Re: UTILIDADE PÚBLICA POR LISBELA VARELA

Enviado: 27 Mar 2021, 09:05
por Senior69
Bom dia à todos!
Todos nós corremos riscos já ao sair de casa,qualquer risco,são vários, então, para mim,sexo sem beijo é impraticável. É o que penso!

Re: UTILIDADE PÚBLICA POR LISBELA VARELA

Enviado: 27 Mar 2021, 11:45
por Matemático
Lisbela Varela escreveu:
"Antes, era difícil negociar o uso de preservativo, agora essa dificuldade dobrou ao tentar fazer o cliente usar máscara e não nos beijar", fala.
[/color]
"Antes, era difícil negociar o uso de preservativo,...". Cenário muito bizarro!

Re: UTILIDADE PÚBLICA POR LISBELA VARELA

Enviado: 27 Mar 2021, 11:58
por liutaio
Huahuahuahuahua Puta que pariu! É cada uma que... Não corra riscos! Vá trabalhar com outra coisa! Ou então aceite 5 reais pela foda de costas pois é melhor do que nada. Essa foi pior do que o pandeminion que vai no puteiro cheio de gente, comer uma estranha mas acha absurdo quem está sem um pano nos cornos com buracos maiores que um cu arrombado para bloquear um vírus de 100nm Esse vírus é seletivo pra caralho, Não contamina quem está nos transportes e quem fode de costas :nooo: Próxima negociação: não tirar a roupa e pagar pelo programa para sexo virtual. kkkkkk

Re: UTILIDADE PÚBLICA POR LISBELA VARELA

Enviado: 27 Mar 2021, 12:14
por Lobo Solitário
Parei de ler em "43 anos, e a maranhense Luza Maria, 49". Fico imaginando o naipe dos clientes dessas tias, fundo do poço.

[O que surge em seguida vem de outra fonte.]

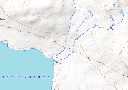 Her hadde jeg tatt en liten avstikker ut fra hovedløypa og gått til kvisteløypa som ses litt til høyre på bildet som fører opp til toppen av Monsbunuten, eller rettere sagt svinger noen få meter fra selve toppunktet.
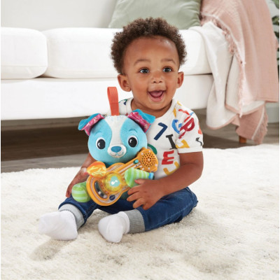 Disfruta de la música con el Cachorrito musical, pulsa el botón luminoso de la guitarra para ver al cachorrito cantar y tocar la guitarra. ¡El peque descubrirá los distintos estilos musicales y lo pasará en grande con este simpático cachorro!
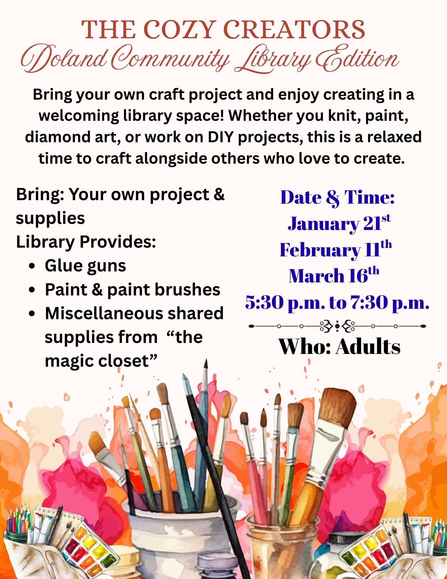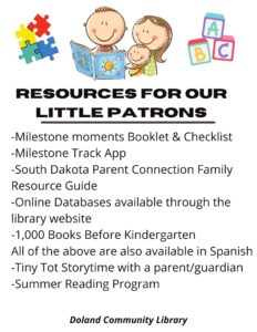 Stop into the Doland Community Library to see what we have to offer. We have some cozy spots to sit and get lost in a good book. The library has a great children’s area filled with books and toys. Make sure to follow us on Facebook, so you can see when we have special events. Don’t forget to check out our Children’s Summer Reading Program!
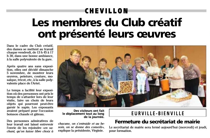 jhm du 08.11.17 les membres du club créatif ont présenté leurs oeuvres
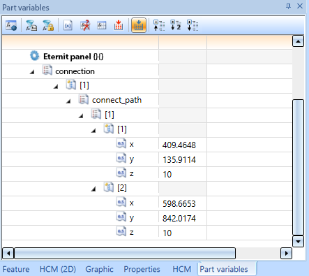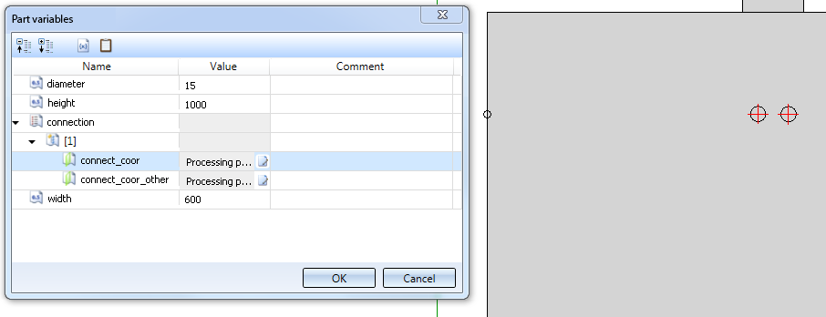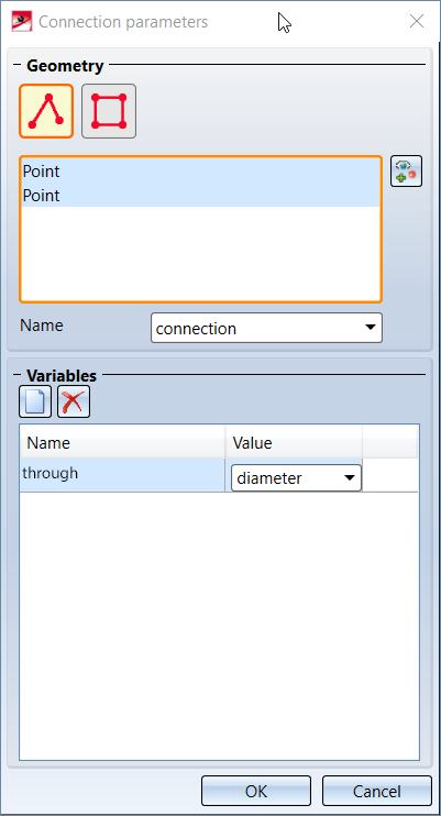 - For the active part, the intersection points will be saved as part variables. A list variable named according to the Name in the Connection parameters dialogue will be used for this.
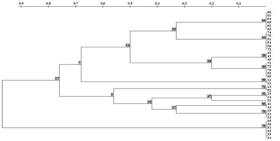 The UPGMA dendrogram, built using the Nei coefficient [], shows the genetic distance between samples, varying approximately from 0.20 to 0.76. This is quite a high level of genetic similarity between samples from all studied population. On this dendrogram of the R. rosea populations, 3 clusters were formed in accordance with the studied individuals; branch nodes have high support (bootstrap index > 50%) (Figure 5).
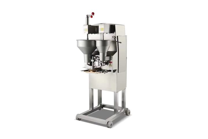 仿手工(变频挖式)成型机是一款完全模拟丸子手工用匙子成型的设备,完全解决传统切刀式成型机那种不可避免的高密度和外表皮粗糙问题。做出的丸子具有密度小、圆度好、外表皮光滑的特点,特别在做贡丸和牛肉丸这些有肉筋的丸子时是目前市面上接近手工口感的丸子成型机。

Re: UTILIDADE PÚBLICA POR LISBELA VARELA

Enviado: 27 Mar 2021, 12:51
por Brand
Lisbela Varela escreveu:

Site: UNIVERSA
Vi que era desse site, quase perdi o tesão de ler rs :morto:

Mas "sexo de costas"... kkkkk. Mas enfim, acho que é a regra básica desse meio: você faz oque você quiser. Se nao tiver cliente, nao reclame da vida nem de ninguem. Opcao de quem paga tb tem q ser respeitada.